From mboxrd@z Thu Jan  1 00:00:00 1970
Return-Path: <linux-kernel-owner@vger.kernel.org>
Received: (majordomo@vger.kernel.org) by vger.kernel.org via listexpand
        id S1760836AbdJQWCv (ORCPT <rfc822;w@1wt.eu>);
        Tue, 17 Oct 2017 18:02:51 -0400
Received: from mail.kernel.org ([198.145.29.99]:35316 "EHLO mail.kernel.org"

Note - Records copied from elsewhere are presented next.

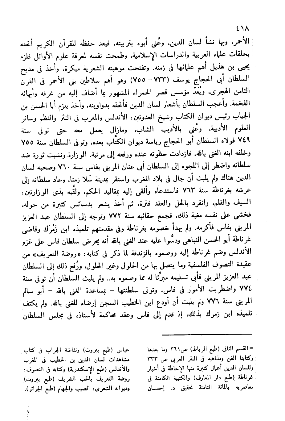 = القسم الثانى (طبع الرباط) ص 261 وما بعدها وكتابنا الفن ومذاهبه فى النثر العربى ص 333 وللسان الدين أعمال كثيرة منها الإحاطة فى أخبار غرناطة (طبع دار المعارف) والكتيبة الكامنة فى معاصريه بالمائة الثامنة تحقيق د. إحسان عباس (طبع بيروت) ونفاضة الجراب فى كتاب مشاهدات لسان الدين بن الخطيب فى المغرب والأندلس (طبع الإسكندرية) وكتابه فى التصوف: روضة التعريف بالحب الشريف (طبع بيروت) وديوانه الشعرى: الصيب والجهام (طبع الجزائر).
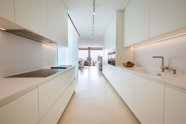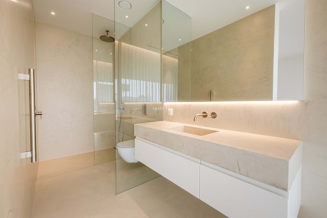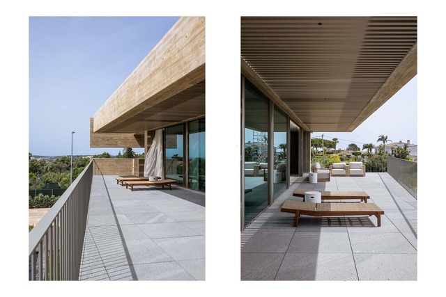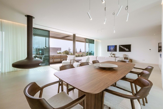 O primeiro andar é dedicado às áreas sociais, destacando-se uma ampla e luminosa sala de estar e jantar em plano aberto, integrada com uma moderna cozinha e zona de copa. Neste piso encontra-se também uma master com casa de banho independente, um WC de serviço e um hall. Tanto a suite como as áreas sociais beneficiam de acesso a um magnífico terraço orientado a sul, ideal para desfrutar do clima algarvio e da vista mar. Existe ainda um segundo terraço adjacente à cozinha, perfeito para refeições ao ar livre, e um terceiro terraço que permite o acesso à cobertura.
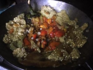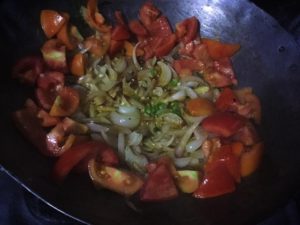 हल्का गुलाबी होने पर कटा टमाटर हरीमिर्च मिलाये
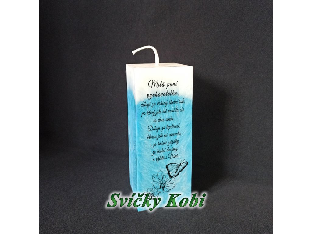 Vyberte si, komu Vaše dítko svíčku věnuje. Text  je vhodný jak pro rozloučení s pedagogem, tak  i pro pokračování v dalším roce. Na výběr máte hned z několika nádherných pestrých barev. A navíc bude rovnou zabalena do celofánu.
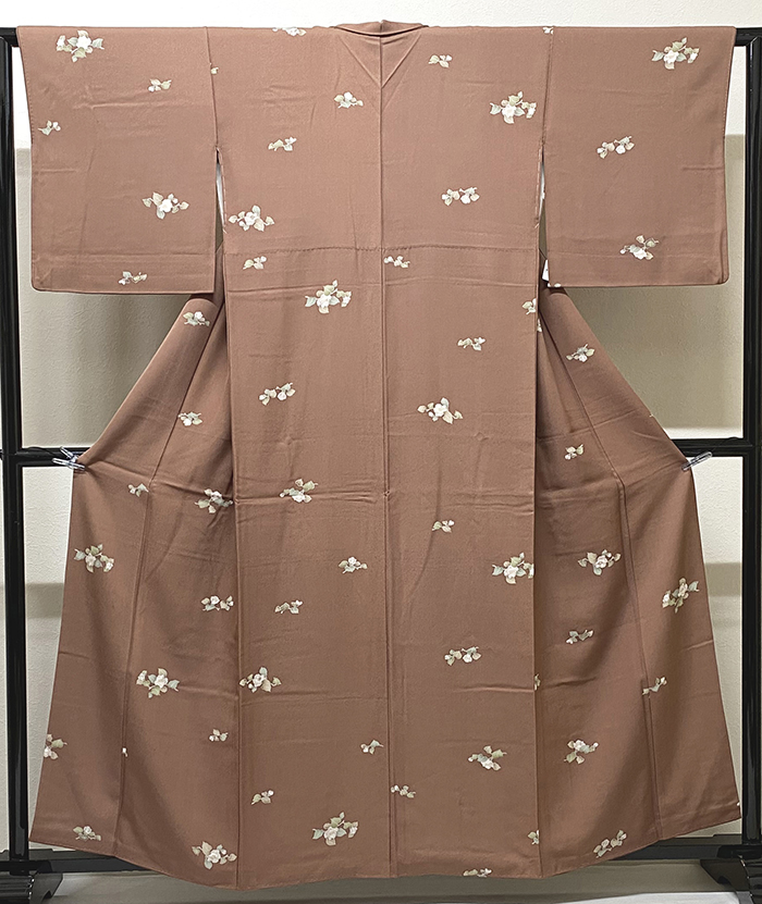 しなやかで手触りの良い小さなアラレ柄を織り込んだ紋意匠無地織り生地で、くすんだココア色の地色に、椿の花の柄を白と青磁色濃淡で染めた品。八掛けは正絹くすんだ表色無地で胴裏は正絹が付いた手縫い仕立て。

        rhost-flags-OK-OK-OK-OK) by vger.kernel.org with ESMTP
        id S1754607AbdJQWCt (ORCPT <rfc822;linux-kernel@vger.kernel.org>);
        Tue, 17 Oct 2017 18:02:49 -0400
DMARC-Filter: OpenDMARC Filter v1.3.2 mail.kernel.org 0093F21925
Authentication-Results: mail.kernel.org; dmarc=none (p=none dis=none) header.from=kernel.org
Authentication-Results: mail.kernel.org; spf=none smtp.mailfrom=luto@kernel.org
X-Google-Smtp-Source: ABhQp+S3vTUaHEjPZlgM9w5IUSgTKFCw/1X6Omn8/LFnG8x8LRdL28zKYrlMMbIS+JNQBWbp2IEtEWibXmEdIl4tdVY=
MIME-Version: 1.0
In-Reply-To: <a41bbfdf-6af5-6b29-36bf-1ed677b6ca75@oracle.com>
References: <150788678482.924140.11785205105514746135.stgit@buzz>
 <20171013160514.GA27812@redhat.com> <3bdb5341-9ae6-265a-ce5b-45c2cfc76fad@yandex-team.ru>
 <d7b2a0b6-6d0c-5ca8-9d2b-3a1211713d34@yandex-team.ru> <20171016143628.b2ef80a9ef16d4345889b4d9@linux-foundation.org>
 <fc2ae985-7ef7-0caf-4eb9-9348a5ca5e78@oracle.com> <fb03aaef-84e5-c869-11cc-6e1d8b4699c8@oracle.com>
 <CALCETrUg0xrkWnsQhq5L9RpDunrD8w7C3EjxeOPPrQv2h1KMEA@mail.gmail.com> <a41bbfdf-6af5-6b29-36bf-1ed677b6ca75@oracle.com>
From: Andy Lutomirski <luto@kernel.org>
Date: Tue, 17 Oct 2017 15:02:27 -0700
X-Gmail-Original-Message-ID: <CALCETrXXDQEddqx5yUnGtgZnv_7eDc=GAFsmUSNPV45BGxQbPw@mail.gmail.com>
Message-ID: <CALCETrXXDQEddqx5yUnGtgZnv_7eDc=GAFsmUSNPV45BGxQbPw@mail.gmail.com>
Subject: Re: [PATCH v4] pidns: introduce syscall translate_pid
To: Prakash Sangappa <prakash.sangappa@oracle.com>
Cc: Nagarathnam Muthusamy <nagarathnam.muthusamy@oracle.com>,
        Andrew Morton <akpm@linux-foundation.org>,
        Konstantin Khlebnikov <khlebnikov@yandex-team.ru>,
        Oleg Nesterov <oleg@redhat.com>, Linux API <linux-api@vger.kernel.org>,
        "linux-kernel@vger.kernel.org" <linux-kernel@vger.kernel.org>,
        Serge Hallyn <serge.hallyn@ubuntu.com>,
        "Eric W. Biederman" <ebiederm@xmission.com>,
        Eugene Syromiatnikov <esyr@redhat.com>
Content-Type: text/plain; charset="UTF-8"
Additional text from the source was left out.